### Task requirements
Transcribe everything in the listing as written, and let no image into the copy.

### Dataset excerpt

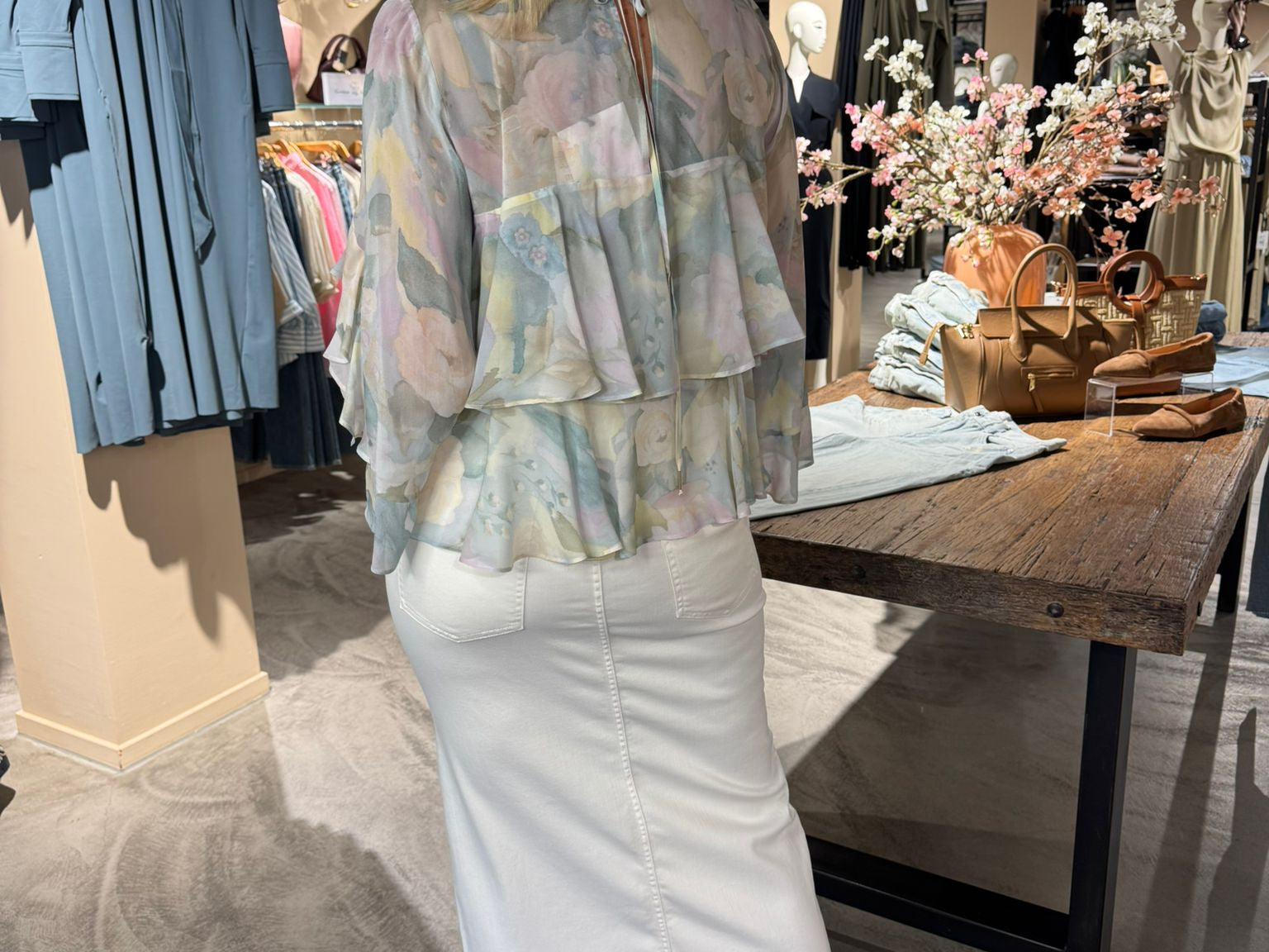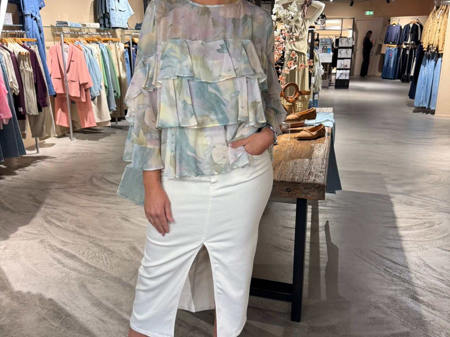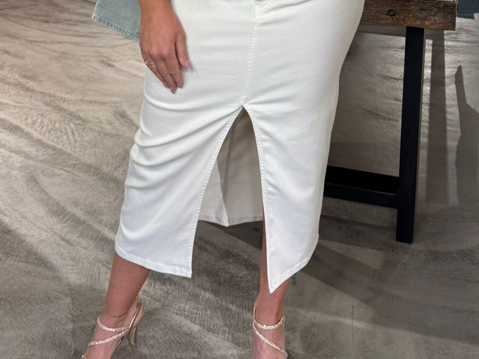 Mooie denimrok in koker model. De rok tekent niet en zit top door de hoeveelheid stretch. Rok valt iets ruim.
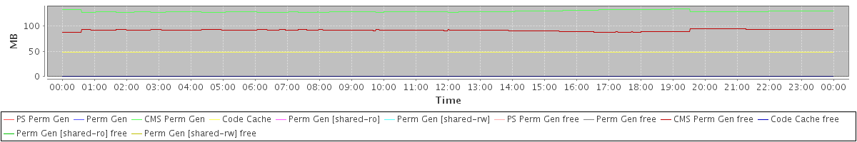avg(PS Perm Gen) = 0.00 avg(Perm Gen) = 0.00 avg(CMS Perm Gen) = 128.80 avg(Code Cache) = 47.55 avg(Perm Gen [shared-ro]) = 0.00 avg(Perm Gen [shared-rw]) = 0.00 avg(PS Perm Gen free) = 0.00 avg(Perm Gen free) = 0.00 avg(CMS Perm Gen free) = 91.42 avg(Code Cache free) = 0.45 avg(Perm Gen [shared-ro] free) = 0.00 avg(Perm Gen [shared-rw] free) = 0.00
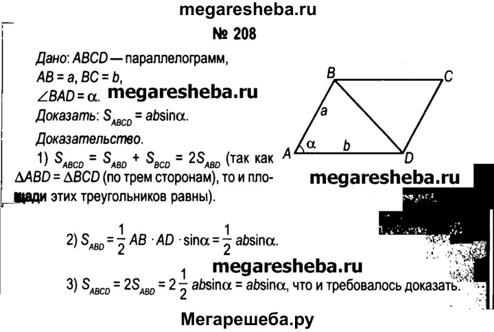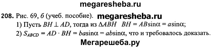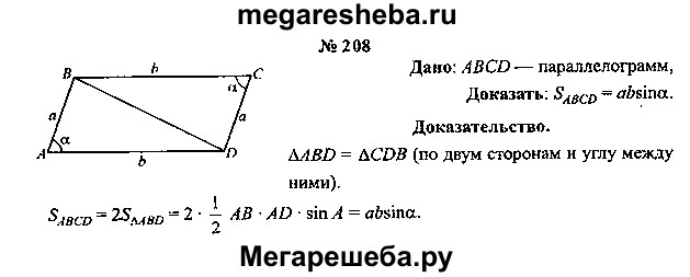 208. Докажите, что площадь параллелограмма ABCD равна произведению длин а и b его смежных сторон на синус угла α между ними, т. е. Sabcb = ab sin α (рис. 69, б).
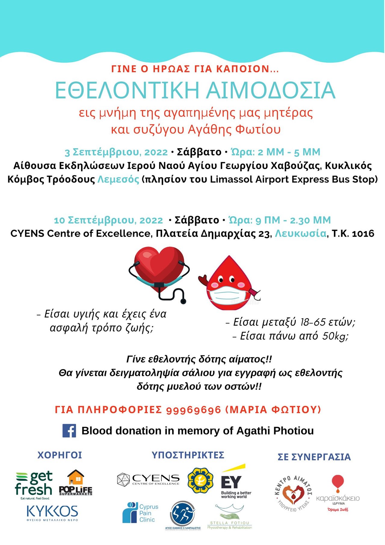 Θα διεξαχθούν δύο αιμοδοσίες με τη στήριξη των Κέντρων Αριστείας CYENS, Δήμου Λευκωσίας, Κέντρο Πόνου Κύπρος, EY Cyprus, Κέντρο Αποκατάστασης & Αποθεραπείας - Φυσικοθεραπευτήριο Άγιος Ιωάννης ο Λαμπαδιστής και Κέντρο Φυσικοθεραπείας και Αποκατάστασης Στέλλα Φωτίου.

### Response to this task
 Mooie denimrok in koker model. De rok tekent niet en zit top door de hoeveelheid stretch. Rok valt iets ruim.
avg(PS Perm Gen) = 0.00 avg(Perm Gen) = 0.00 avg(CMS Perm Gen) = 128.80 avg(Code Cache) = 47.55 avg(Perm Gen [shared-ro]) = 0.00 avg(Perm Gen [shared-rw]) = 0.00 avg(PS Perm Gen free) = 0.00 avg(Perm Gen free) = 0.00 avg(CMS Perm Gen free) = 91.42 avg(Code Cache free) = 0.45 avg(Perm Gen [shared-ro] free) = 0.00 avg(Perm Gen [shared-rw] free) = 0.00
 208. Докажите, что площадь параллелограмма ABCD равна произведению длин а и b его смежных сторон на синус угла α между ними, т. е. Sabcb = ab sin α (рис. 69, б).
 Θα διεξαχθούν δύο αιμοδοσίες με τη στήριξη των Κέντρων Αριστείας CYENS, Δήμου Λευκωσίας, Κέντρο Πόνου Κύπρος, EY Cyprus, Κέντρο Αποκατάστασης & Αποθεραπείας - Φυσικοθεραπευτήριο Άγιος Ιωάννης ο Λαμπαδιστής και Κέντρο Φυσικοθεραπείας και Αποκατάστασης Στέλλα Φωτίου.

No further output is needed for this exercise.